What to produce: Below is a block of entries; repeat exactly the lines starting at the line that contains "A510710 - Set" and ending at the line that contains "Cagnes sur Mer", both included.

Data:
════════════════

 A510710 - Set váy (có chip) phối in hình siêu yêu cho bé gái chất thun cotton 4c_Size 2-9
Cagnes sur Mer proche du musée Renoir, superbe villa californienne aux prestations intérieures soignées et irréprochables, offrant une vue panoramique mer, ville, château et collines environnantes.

════════════════

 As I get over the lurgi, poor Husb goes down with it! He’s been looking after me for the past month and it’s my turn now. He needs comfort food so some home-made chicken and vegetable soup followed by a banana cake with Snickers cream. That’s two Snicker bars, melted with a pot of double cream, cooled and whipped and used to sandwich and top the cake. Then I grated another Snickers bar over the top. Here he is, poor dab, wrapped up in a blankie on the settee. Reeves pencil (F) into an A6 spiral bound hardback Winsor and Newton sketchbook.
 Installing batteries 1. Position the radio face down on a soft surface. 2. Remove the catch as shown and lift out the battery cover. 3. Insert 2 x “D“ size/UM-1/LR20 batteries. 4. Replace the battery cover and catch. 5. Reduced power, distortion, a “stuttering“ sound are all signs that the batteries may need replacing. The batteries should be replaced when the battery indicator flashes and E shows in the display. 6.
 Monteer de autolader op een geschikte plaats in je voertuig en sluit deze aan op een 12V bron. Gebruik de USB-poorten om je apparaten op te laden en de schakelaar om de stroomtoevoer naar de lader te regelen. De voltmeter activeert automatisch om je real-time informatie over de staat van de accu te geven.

════════════════

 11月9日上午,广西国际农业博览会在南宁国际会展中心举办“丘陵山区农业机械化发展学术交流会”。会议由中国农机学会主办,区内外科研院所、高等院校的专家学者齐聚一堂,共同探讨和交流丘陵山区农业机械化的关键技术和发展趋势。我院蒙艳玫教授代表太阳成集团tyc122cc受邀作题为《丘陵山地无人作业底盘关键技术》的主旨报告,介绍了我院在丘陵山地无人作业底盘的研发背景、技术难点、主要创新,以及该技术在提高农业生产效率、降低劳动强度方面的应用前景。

════════════════

Reply:
 A510710 - Set váy (có chip) phối in hình siêu yêu cho bé gái chất thun cotton 4c_Size 2-9
Cagnes sur Mer proche du musée Renoir, superbe villa californienne aux prestations intérieures soignées et irréprochables, offrant une vue panoramique mer, ville, château et collines environnantes.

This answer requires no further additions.